=== Section Start ===

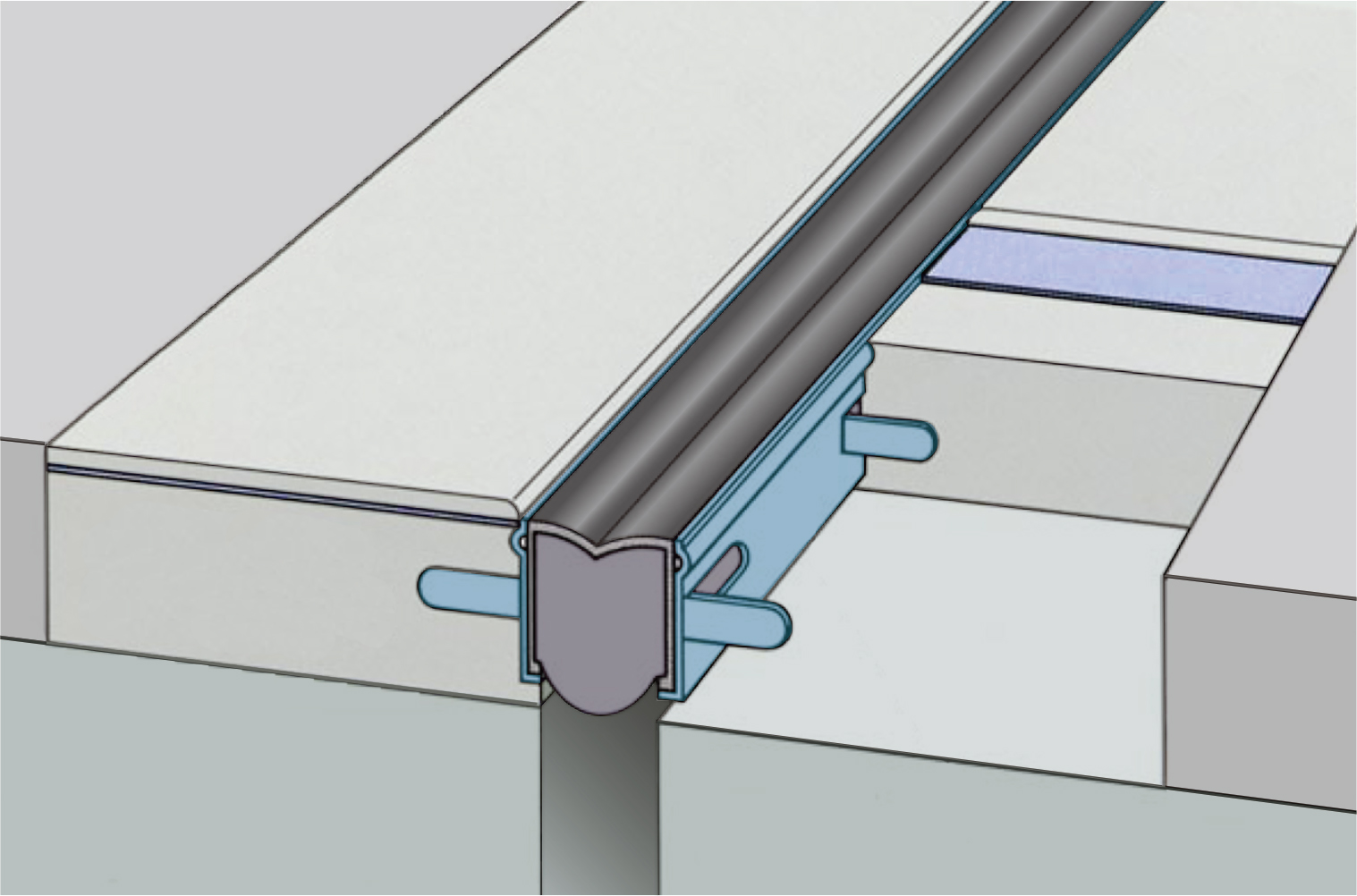 - 舗装厚内に設置可能な突合せ型ゴム製伸縮装置で、既設床版にアンカーを取らず、エポキシ樹脂で接着・一体化する。
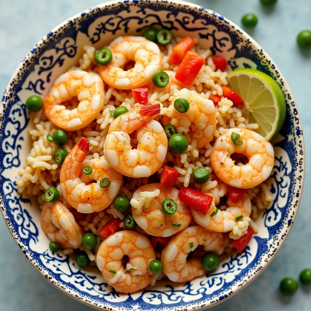 - Una vez el arroz esté listo, agrega los langostinos y el jugo de limón a la mezcla de arroz. Mezcla bien para combinar todos los sabores y ajusta el salado si es necesario.
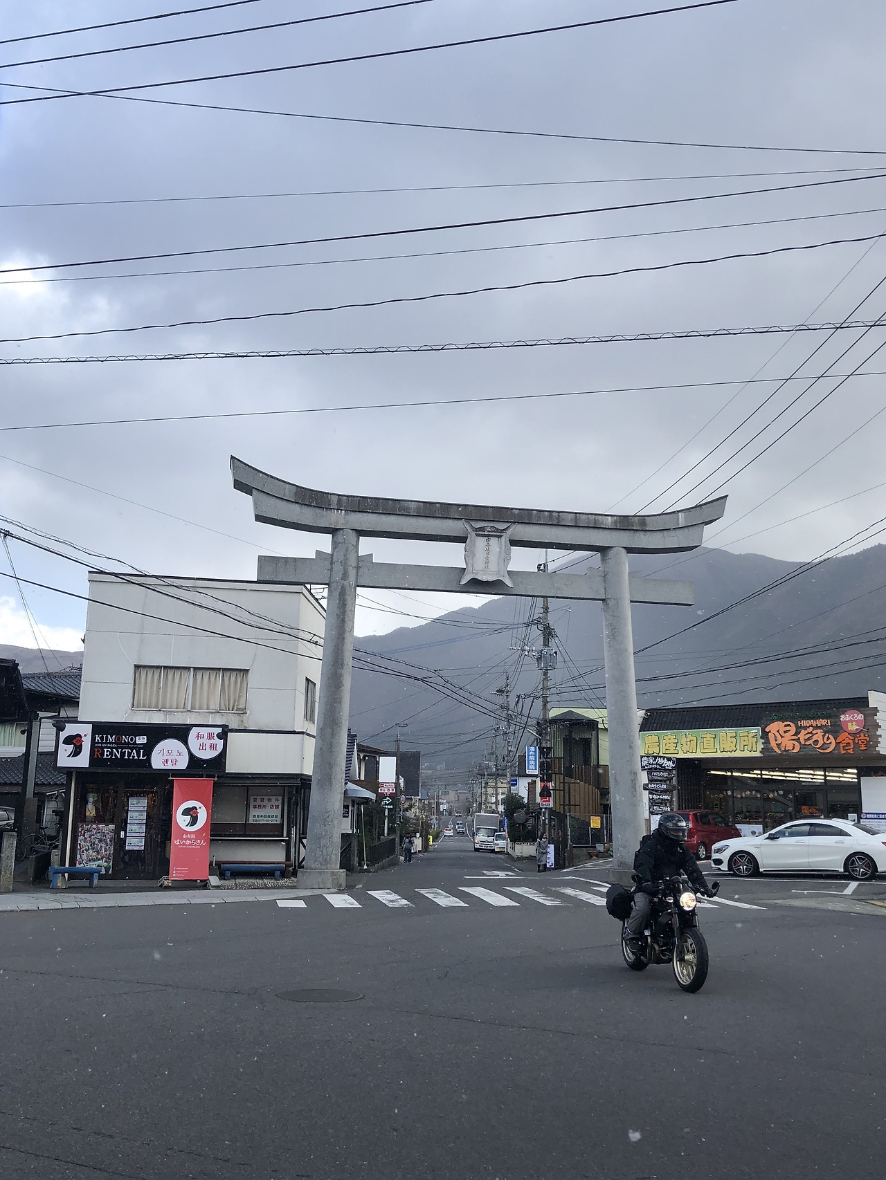 점심을 먹으며 약간 정신을 차리고, 긴린코 호수공원 가는 길을 찾아봤다. 어디 저기 산 속에 있는 줄 알았는데 그냥 마을을 가로질러 가기만 하면 됐다. 마을은 전주 한옥마을처럼 이런 저런 소품들과 간단한 먹거리를 파는 가게들로 채워져 있었다. 이렇게 추운 날에도 거리에 사람이 많은 것을 보니 날이 좋을 때는 아마도 매우 붐빌 것 같다.
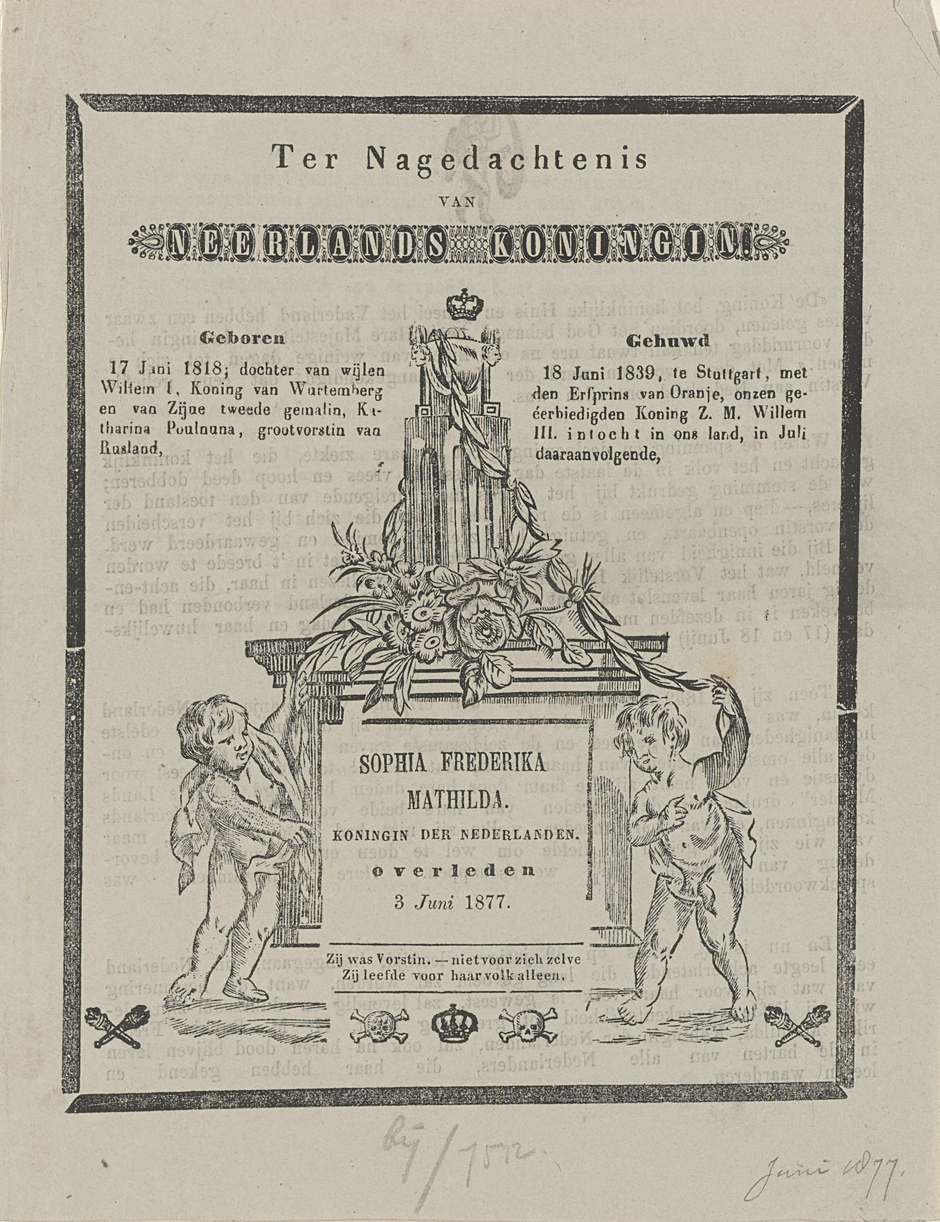 Blad ter nagedachtenis aan koningin Sophia, 1877
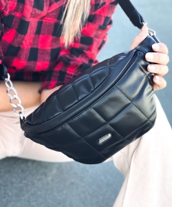 Quilted waist bag made of high quality synthetic leather! It consists of a single compartment that closes with a zipper and contains a zippered pocket. On the outside back of the design, there is also a pocket that closes with a zipper. It has an adjustable detachable strap! Dimensions: H 18 x L 35 cm.
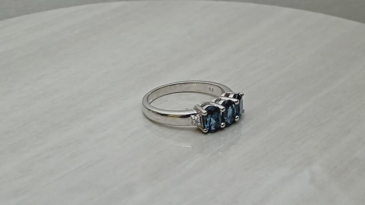 London Blue Topaz 6x4MM Oval Three-Stone Ring - Sterling Silver
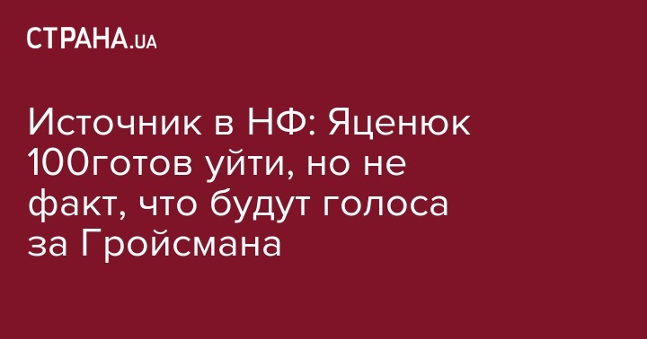 Источник в НФ: Яценюк 100% готов уйти, но не факт, что будут голоса за Гройсмана
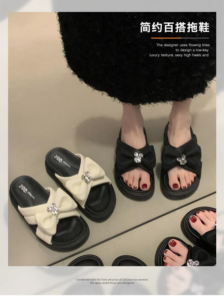 インターネットセレブスリッパレディースアウターウェア 2023 夏の新オールマッチアインスタイルラインストーンリボン厚底コンタブルビーチサンダル ミュール 靴 シューズ サマー 夏物 jxjxf86060377820

=== Section End ===

Beginning with the line that contains "London Blue Topaz" and ending with the last line of the data above, output those lines exactly and nothing more, without any pictures.

 London Blue Topaz 6x4MM Oval Three-Stone Ring - Sterling Silver
 Источник в НФ: Яценюк 100% готов уйти, но не факт, что будут голоса за Гройсмана
 インターネットセレブスリッパレディースアウターウェア 2023 夏の新オールマッチアインスタイルラインストーンリボン厚底コンタブルビーチサンダル ミュール 靴 シューズ サマー 夏物 jxjxf86060377820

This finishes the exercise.